The Property Group nodes () define output properties and declare model inputs on which the property values can depend. There is a slight difference in the Settings window between, on one hand, the Basic and user-defined property groups, and on the other hand the built-in material model groups. The latter do not allow adding additional output properties, but all property groups allow declaring model inputs and also add local properties which can be used in output property expressions.

In the Label field, enter a suitable label for the property group if needed. Changing the Name field changes the namespace identifier used when defining output property variables and functions. You can, for example, make the identifier shorter.Changing the name of a user-defined property group will also update its tag. Other property group types have fixed tags.

The currently declared material properties in the property group appear in a table in the Output Properties section.

Click the Select Quantity button () to add another output property. Select the desired quantity from the tree in the Physical Quantity dialog that opens.

If required, edit the expressions in the Expression column. Edit directly in the table or in the Expression field underneath the table. You can insert predefined expressions by clicking the Insert Expression button () or clicking Ctrl+Space and then choosing an expression from the list of predefined expressions. You can also click the Edit button (), which opens a dialog for easier specification of orthotropic and anisotropic material properties (tensors), when applicable. Select Isotropic, Diagonal, Symmetric, or Full when entering the data in the material property’s dialog. In the Expression column, use a syntax with curly braces such as {k11, k21, k31, k12, k22, k32, k13, k23, k33} to enter anisotropic material properties for a 3-by-3 tensor kij in the order k11, k21, k31, k12, k22, k32, k13, k23, and k33. 1, 2, and 3 represent the first, second, and third direction in the active coordinate system. In many cases (for example, when entering the elasticity matrix for structural mechanics), the matrix must for physical reasons be symmetric. The upper diagonal part of the matrix you enter will then be mirrored when forming the actual constitutive matrix, and the lower diagonal part is ignored.

The Variable column lists the output variable names depending on the type of anisotropy. For an isotropic k, k_iso represents its single scalar value.

The Unit and Size columns provide information about the unit and size of the output property. The size is 1x1 for a scalar value such as density and 3x3 for a tensor (matrix) quantity such as electric conductivity.

If desired, you can add information about the property, such as references for its value or expression. To do so, click the Edit/Show Property Information button (), enter the property information in the dialog that opens, and then click OK. When information is available for a property, an information symbol () appears in the Info column.

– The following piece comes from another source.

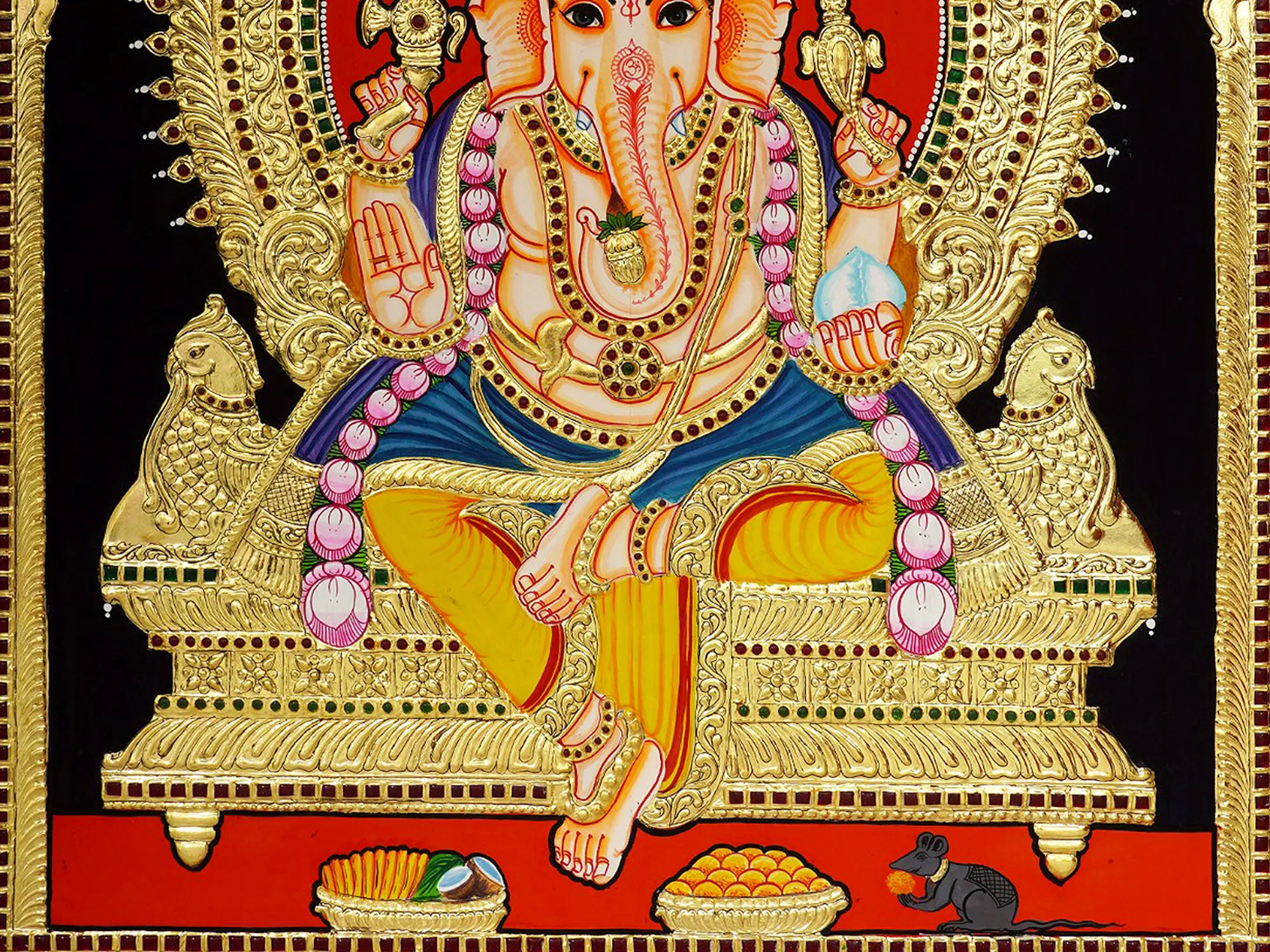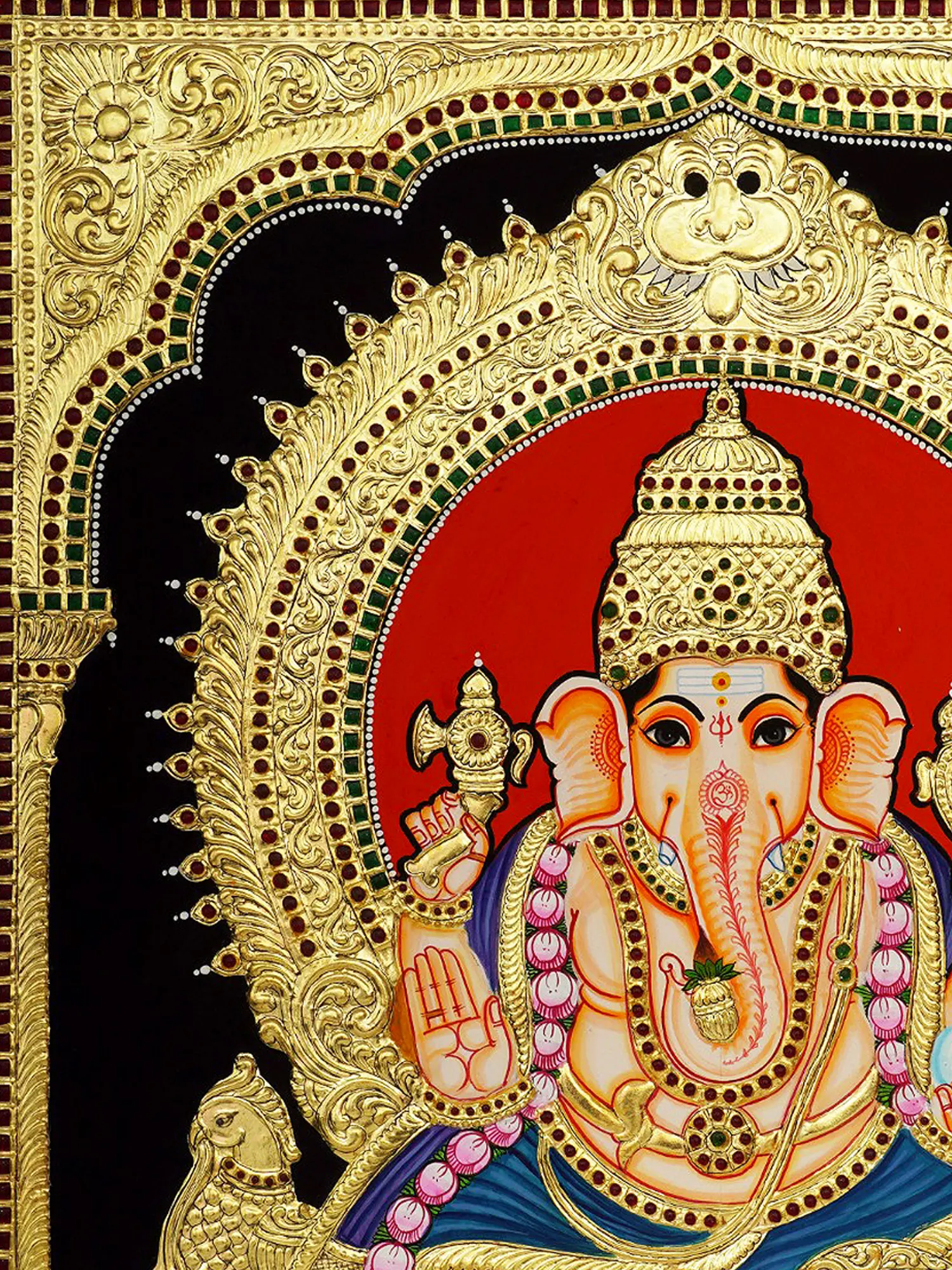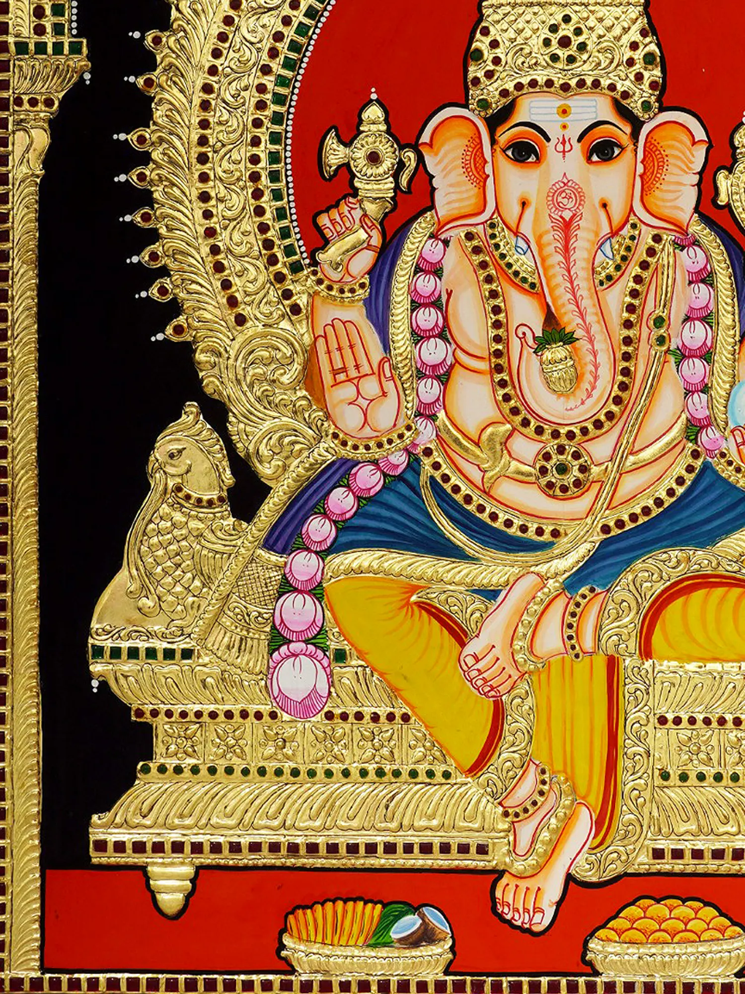 Tanjore paintings are deeply rooted in Hindu mythology, and this depiction of Ganesha draws upon his powerful symbolism as the deity of wisdom, intellect, and good fortune. He is revered as the patron of arts and sciences and is invoked at the beginning of rituals and ceremonies to ensure success. The artistic tradition itself dates back to the 16th century, flourishing under the patronage of the Chola kings, and continues to be a cherished expression of Indian cultural heritage.

Use the Move Up (), Move Down (), and Delete () buttons to organize the table as needed.

The Basic property group under a material, as well as any user-defined group, creates the following variables:

The model inputs are physical quantities, such as temperature, that are used as inputs in the expressions that define the output properties (for example, to describe a temperature-dependent physical quantity). For example, adding Temperature as a model input makes the variable name T available for use in an expression for the heat capacity at constant pressure Cp, such as 300[J/(kg*K)]*T[1/K], which works regardless of the name of the actual dependent variable for temperature in the model that uses the temperature-dependent material.

Click the Select Quantity button () to add another model input, which you choose from one of the available physical quantities in the Physical Quantity dialog that opens.

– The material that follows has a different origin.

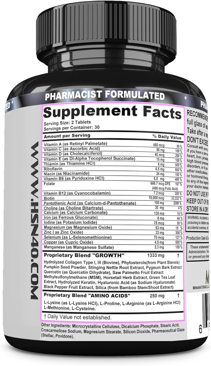 - Works for Women and Men to Intensively Nourish the Hair Follicle and Shaft and to enhance the Growth in Bald areas. 10000mcg of Biotin + B-complex vitamins, Choline, Folic Acid, Pantothenic Acid, Vitamins A, C, D and E, Calcium, Selenium, Zinc, Magnesium , Manganese, Iron, Cupper, Saw Palmetto, Pumpkin Seed Extract, Pygenium Africanum, Nettles, Plant Phytosterols, Green Tea, Quercetin, MSM, Silica, Keratin, Horsetail, and Hydrolyzed Collagen.

Use the Move Up (), Move Down (), and Delete () buttons to organize the table as needed.

Here you can enter user-defined properties which are local to the property group. This means that they are accessed from physics interfaces and do not generate variables in the material. scope. These local properties become available for use in the property group’s output property expressions, and can also be accessed more generally using the full property group scope.

Enter a name in the Name column and its definition in the Expression column. You can also enter a Description. Information about all local properties from all property groups is also displayed in the Material Contents section of the parent Material node. In that node, only the Expression column is editable.

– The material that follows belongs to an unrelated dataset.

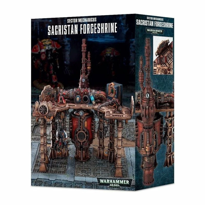 – A Sacristan Forgeshrine frame, including a control point with space for 2 fusion batteries, which can be placed in the control point and removed at will, an operating console featuring keyboard and screen, 2 pipes, a welder arm, a toolbox and fire extinguisher;

Local properties are useful for parameterizing functions that describe material properties if they contain inputs other than those that are model inputs (such as temperature and pressure). For example, a local property can be a reference value at a certain temperature. Use the Move Up (), Move Down (), and Delete () buttons to organize the tables as needed.

Material property groups are automatically added to the material node in the Model Builder. You can also add additional predefined property groups or create a User-Defined Property Group (in the Materials toolbar, click User-Defined Property Group ()or right-click the Material node). The available properties are collected in property groups according to the physical context.

Each property group has a Settings window for Property Group. When a Model Builder node is clicked (for example, Basic), the Settings window for Property Group displays specific information about that property group. The physical properties for all property groups are summarized in a Material Contents table in the Settings window for the parent Material node.